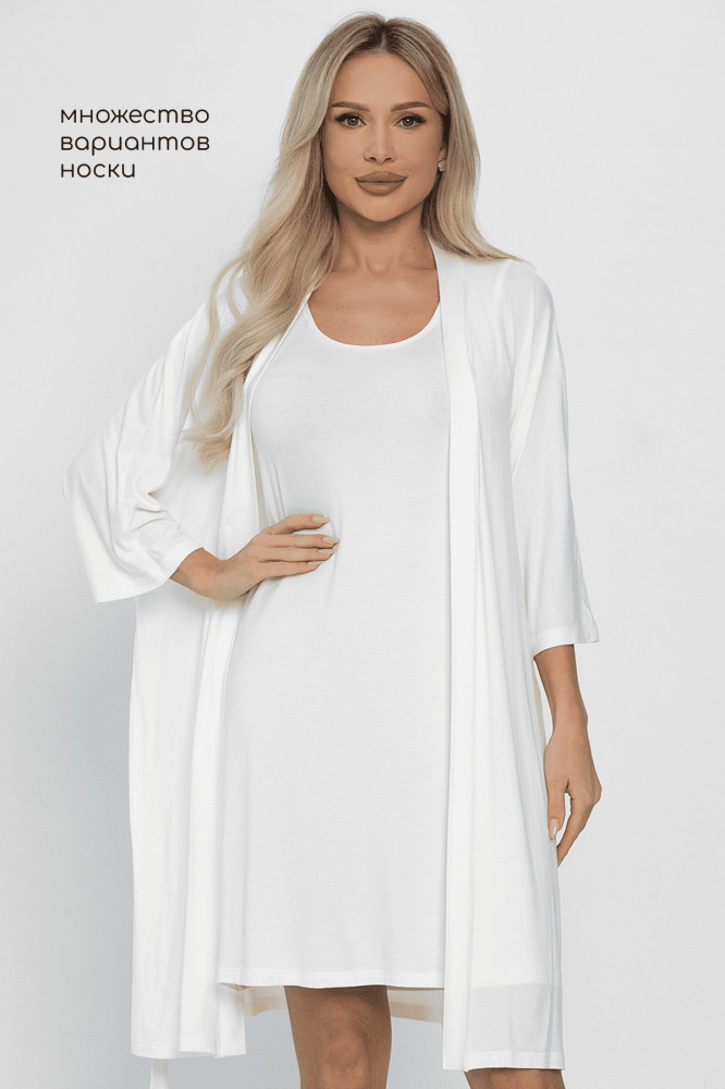 Идеальный выбор для создания уюта и расслабления в домашней обстановке. Этот пеньюар станет вашим верным спутником для спокойных вечеров, утреннего кофе или просмотра фильмов. Свободный крой и рукава длиной три четверти обеспечивают максимальный комфорт и свободу движений, а пояс из основной ткани идет в комплекте. Он создан специально для того, чтобы дарить радость и создавать атмосферу роскоши и уюта каждый день. Пеньюар изготовлен из мягкой вискозы с добавлением лайкры, что делает его приятным на ощупь и идеально подходящим для расслабленного и стильного домашнего образа.
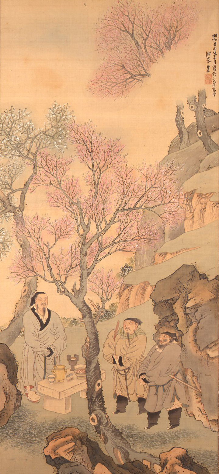 与謝蕪村の作品もゆっくり鑑賞したい 与謝蕪村「桃林結義図」明和8年(1771) 岡田美術館蔵
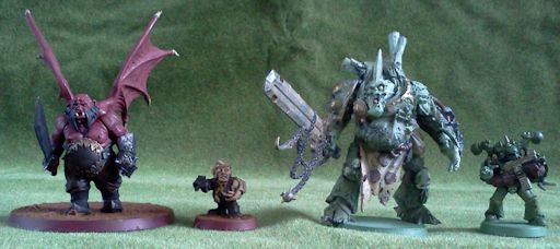 Chaos This daemon prince is made from a Warhammer Fantasy giant with wings from a Lord of the Rings Balrog added. the wings fit surprisingly neatly. This squat daemon prince is also made by adding wings to a larger figure, in this case a plastic ogre bull. It is then mounted on a 60mm round base. For scale I've shown it next to an originalCitadel Chaos Squat and a daemon prince and chaos marine of Nurgle. |
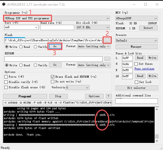 - 烧录hex文件: AVRDUDESS -> Flash 导入 xxx.with_bootloader.xxx.hex 点击Go
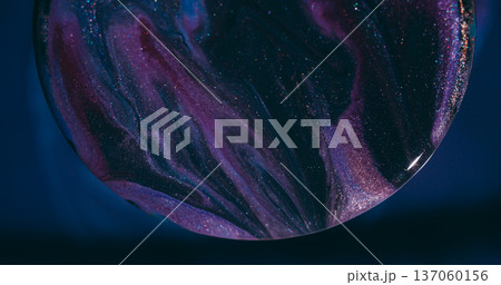 Blur paint blend. Fluorescent curve. Black purple violet sparkling emulsion in circle lens. Swirl flow spilling on color abstract background.
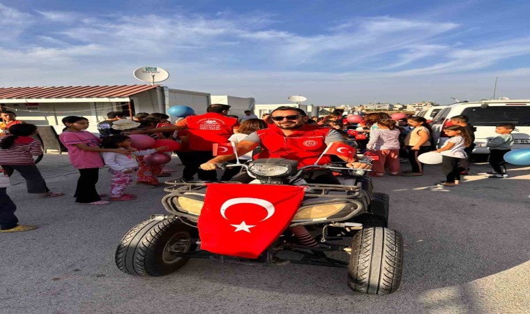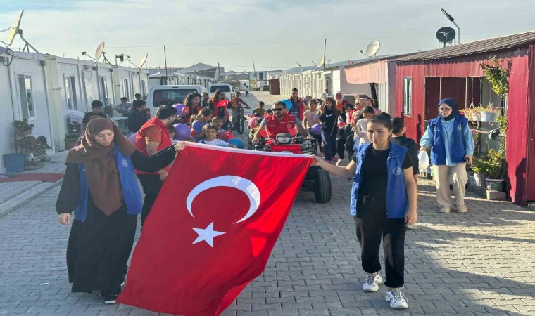 Osmaniye’de konteyner kentte yaşayan depremzede çocuklar 29 Ekim Cumhuriyet Bayramı coşkusunu bayraklarla süslenmiş tırtıl araçla tur atarak yaşadı.
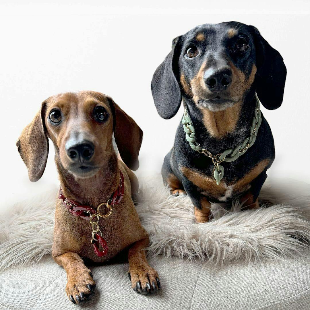 Ontdek onze elegante "Merlot Red" acryl schakelketting, speciaal ontworpen voor honden met een flair voor stijl. Deze ketting, uitgevoerd in een rijke, diepe wijnrode kleur, combineert moeiteloos comfort met mode. Met een breedte van 2,5 cm en een afwerking in zilver- of goudkleur is deze ketting de perfecte keuze voor eigenaren die hun viervoeter een verfijnde look willen geven.
################
* [Task requirements]
Take the line with "Chaos This daemon" and each line after it through the end of the material above, and reproduce them exactly, both ends included, without pictures.

* [Answer to this exercise]
 Chaos This daemon prince is made from a Warhammer Fantasy giant with wings from a Lord of the Rings Balrog added. the wings fit surprisingly neatly. This squat daemon prince is also made by adding wings to a larger figure, in this case a plastic ogre bull. It is then mounted on a 60mm round base. For scale I've shown it next to an originalCitadel Chaos Squat and a daemon prince and chaos marine of Nurgle. |
 - 烧录hex文件: AVRDUDESS -> Flash 导入 xxx.with_bootloader.xxx.hex 点击Go
 Blur paint blend. Fluorescent curve. Black purple violet sparkling emulsion in circle lens. Swirl flow spilling on color abstract background.
 Osmaniye’de konteyner kentte yaşayan depremzede çocuklar 29 Ekim Cumhuriyet Bayramı coşkusunu bayraklarla süslenmiş tırtıl araçla tur atarak yaşadı.
 Ontdek onze elegante "Merlot Red" acryl schakelketting, speciaal ontworpen voor honden met een flair voor stijl. Deze ketting, uitgevoerd in een rijke, diepe wijnrode kleur, combineert moeiteloos comfort met mode. Met een breedte van 2,5 cm en een afwerking in zilver- of goudkleur is deze ketting de perfecte keuze voor eigenaren die hun viervoeter een verfijnde look willen geven.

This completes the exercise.